Atovaquone is a structural analogue of ubiquinone, inhibits the interaction between ubiquinone and the next step in the electron transport chain, cytochrome bc1, disrupting the ETC. The ETC is required to regenerate DHOD (dihydroorotate dehydrogenase), decreasing conversion of dihydroorotate to orotate, decreasing orotate, hence decreasing pyrimidine production, decreasing plasmodial DNA replication, and killing the parasites.

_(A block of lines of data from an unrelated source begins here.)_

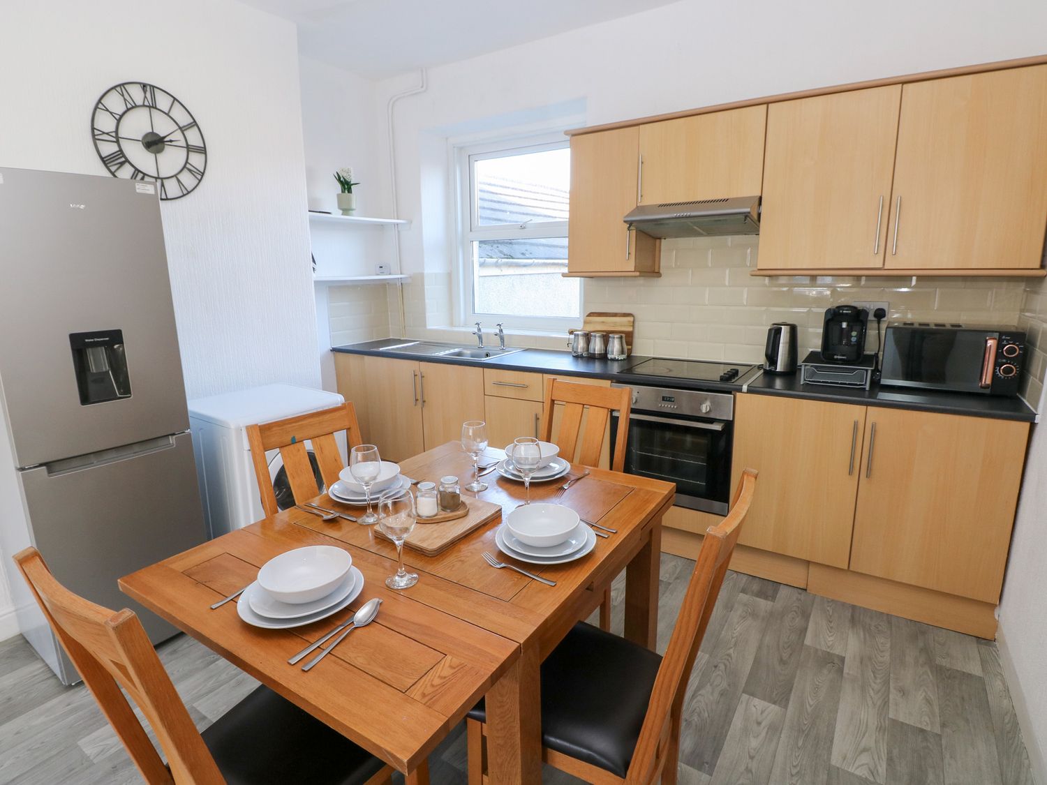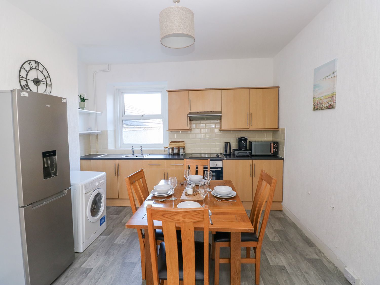 "Castleview Coastal Comfort is a first-floor apartment, consists of a kitchen with a washing machine, fridge/freezer, oven, hob, microwave, kettle, toaster, and coffee machine, a dining room with dining seating, and a sitting room with TV. The bedrooms consist of two doubles. There is a shower room with a walk-in shower, basin, and WC. WiFi, fuel, power, bed linen, and towels are included in the rent. Cot and Highchair available. Outside, there is off-road parking for two cars. Two well-behaved pets are welcome. Sorry, no smoking. Have an enjoyable stay at Castleview Coastal Comfort "
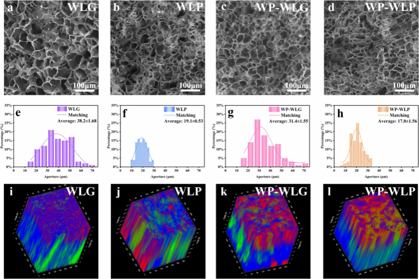 图3.(a~d)不同配方凝胶的微观结构、(e~h)直径统计和(i~l)三维空间形态(蓝色、红色和绿色区域分别代表淀粉、蛋白质和纤维)。
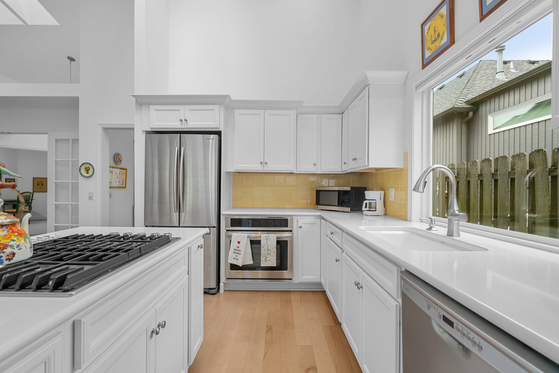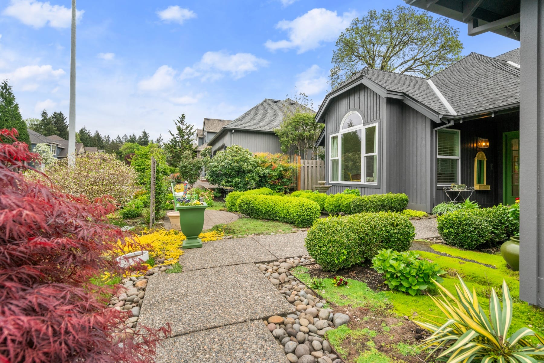 Impeccably maintained and move-in ready! Welcome to this single-level gem in Lake Oswego's coveted Windfield neighborhood; this could likely be the one you have been waiting for! Enjoy the new roof (2025), updated furnace & AC (2024), newer water heater, and fresh exterior paint (2024). This home has been lovingly maintained, and it shows in every detail. With 2,038 sq ft, the 2-bedroom, den, 2-bath floor plan is as functional as it is beautiful, with vaulted ceilings throughout the Kitchen/nook/ family room! The skylights and windows flood every room with natural light. There is superb circular flow with the living and dining rooms moving easily into the great room. The family room features a tiled gas fireplace and French doors opening to the backyard, while the kitchen impresses with a generous island, built-in gas stovetop, loads of cabinets, and a sunny south facing coffee nook. A charming set of French doors open into the office which include extensive built-ins. The primary suite is a peaceful retreat with vaulted ceiling, abundant natural light, and an en suite bath with skylight, double sinks, soaking tub, glass shower, and a spacious walk-in closet. The laundry room is equally well-appointed with built-in storage, washer and dryer, and direct garage access. The oversize two car garage is finished, clean and includes a newer garage door & openers.Outside, a concrete patio is ideal for entertaining, a fully fenced backyard provides privacy, and a stone path winds around to the welcoming front entry patio with room for potted gardening; all nestled in one of the most charming neighborhoods in the area. Welcome home!Pristine, polished, and ready for you!
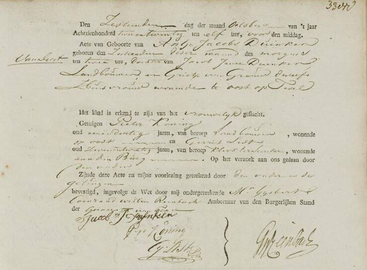 Geboorteakte Lambertus de Ridder 29-01-1840
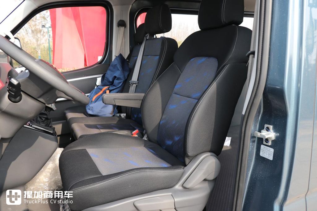 驾驶员每天接触最多的就是座椅和方向盘,为确保舒适性,东风御风V9+采用了包裹感更强的运动座椅,侧翼和坐垫支撑性更好,贴合人体曲线,坐垫高度和靠背角度大幅度可调整区间,且带有右臂臂托设计,大大提升了驾驶员的舒适性。

Atovaquone is 100x more selective for plasmodium over human ubiquinone, as there are differences in amino acid sequences at the cytochrome bc1 - ubiquinone binding site. Resistance against atovaquone can be achieved by point mutations in the cytochrome bc1, hence atovaquone is often administered as combination therapy with either doxycycline (protein translation inhibitor) or proguanil (folate metabolism inhibitor)

Question 19

what does doxycycline and proguanil do

Answer 19

p falciparum

Doxycycline inhibits protein translation of the plasmodium by binding to the 30S ribosomal subunit of plasmodium ribosome, inhibit the interaction between the ribosome subunit and the aminoacyl tRNA, leading to decreased RNA translation and hence protein synthesis and parasite dies. It is an indication for combination therapy with artemisinin for treatment of chloroquine resistant plasmodium falciparum.

Proguanil inhibits folate metabolism, and is a biguanide derivative. It is converted into its active metabolite cycloguanil, which inhibits DHFR-TS complex (dihydrofolate reductase thymidylate synthase complex), leading to decreased tetrahydrofolate production (THF), decreased purine and thymidine production, and decreasing DNA and RNA production, causing the parasite to die. Resistance can develop if there are mutations in the plasmodial DHFR.

Question 20

what does metronidazole do

Answer 20

e. histolytica

Metronidazole is mainly used in the treatment of E. histolytica, a protozoal infection characterised by dysentery.

Metronidazole contains a nitro group, which is converted into the toxic radical active form by reduction of the nitro group, allowing it to act as an electron acceptor, which then binds to proteins, membranes and DNA of target cells, causing severe damage to E. histolytica. The activity of metronidazole is directly related to the pyruvate ferredoxin oxidoreductase (PFOR) activity, as PFOR metabolises the drug into its active form. PFOR is only found in amoeba and anaerobes, as they lack pyruvate decarboxylase to convert pyruvate into acetyl coA, hence the drug exhibits selective toxicity for these organisms. Metronidazole is used to treat invasive amoebiasis, and is able to kill trophozoites in the tissues, but not in the GIT lumen due to high GIT uptake, hence has to be co-administered with an agent that high intraluminal activity like iodoquinol.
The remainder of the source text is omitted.